--- Task ---
For the entries below, print exactly the lines between the line holding "- 지원: 연령별 월 보육료 (국민행복카드), 1순위: 한부모 등" and the line holding "例如:某发行人拟发行债券5亿", inclusive, and nothing else.

--- Dataset records ---
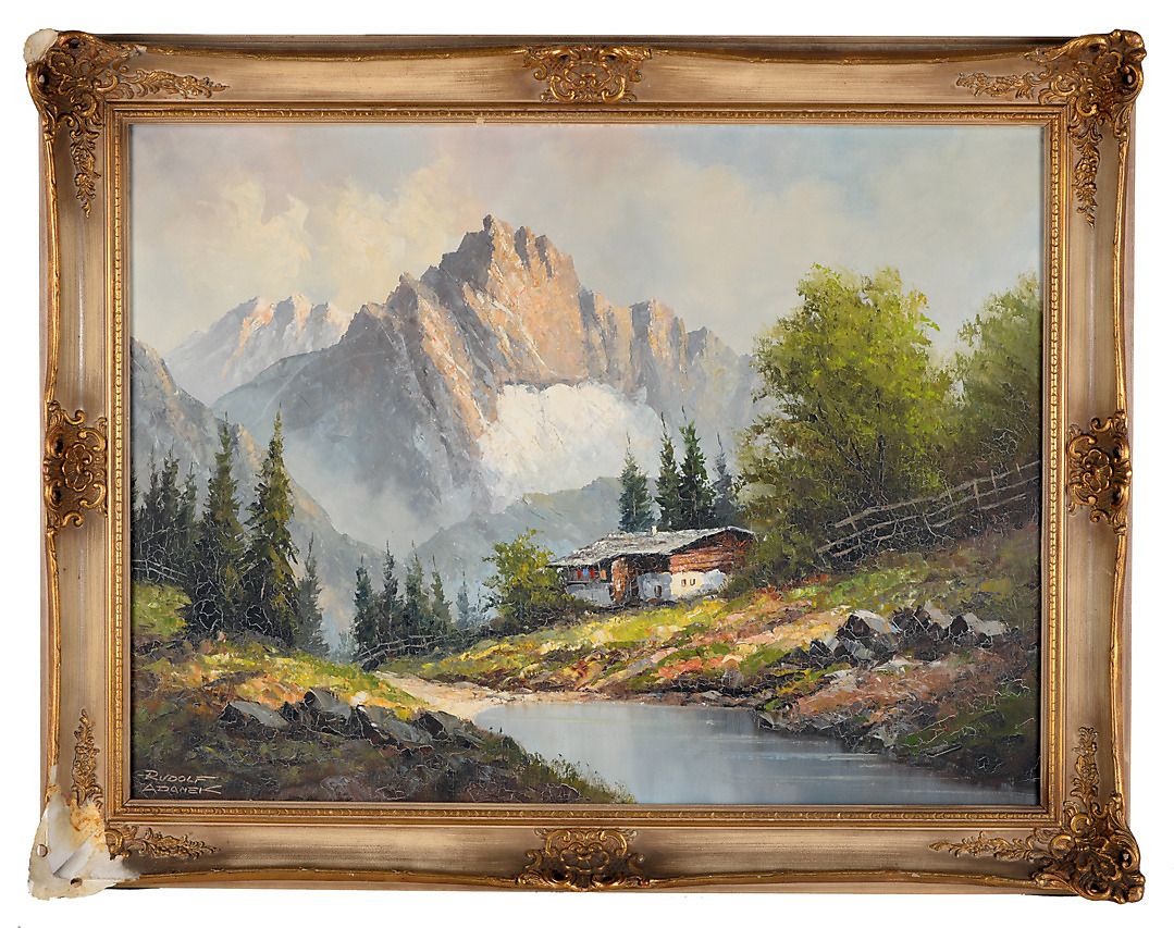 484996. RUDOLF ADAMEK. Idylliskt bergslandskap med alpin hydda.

* * *

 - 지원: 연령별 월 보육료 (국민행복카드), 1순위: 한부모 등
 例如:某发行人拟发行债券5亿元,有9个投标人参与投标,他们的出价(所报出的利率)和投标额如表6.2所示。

---

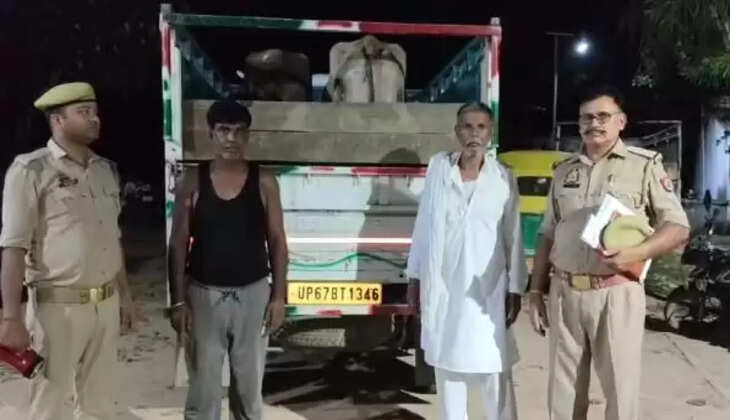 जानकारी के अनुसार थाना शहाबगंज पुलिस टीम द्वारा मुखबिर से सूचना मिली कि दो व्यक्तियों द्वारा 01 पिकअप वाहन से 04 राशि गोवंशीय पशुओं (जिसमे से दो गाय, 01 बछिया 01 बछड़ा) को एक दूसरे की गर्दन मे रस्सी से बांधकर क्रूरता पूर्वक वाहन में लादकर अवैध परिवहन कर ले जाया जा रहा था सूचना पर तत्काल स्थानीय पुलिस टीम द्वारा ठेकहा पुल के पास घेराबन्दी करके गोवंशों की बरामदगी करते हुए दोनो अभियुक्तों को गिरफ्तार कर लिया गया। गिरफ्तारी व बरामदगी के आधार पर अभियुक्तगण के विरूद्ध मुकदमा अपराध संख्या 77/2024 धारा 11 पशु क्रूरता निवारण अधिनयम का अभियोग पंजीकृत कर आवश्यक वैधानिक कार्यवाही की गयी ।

--- Answer box ---
 - 지원: 연령별 월 보육료 (국민행복카드), 1순위: 한부모 등
 例如:某发行人拟发行债券5亿元,有9个投标人参与投标,他们的出价(所报出的利率)和投标额如表6.2所示。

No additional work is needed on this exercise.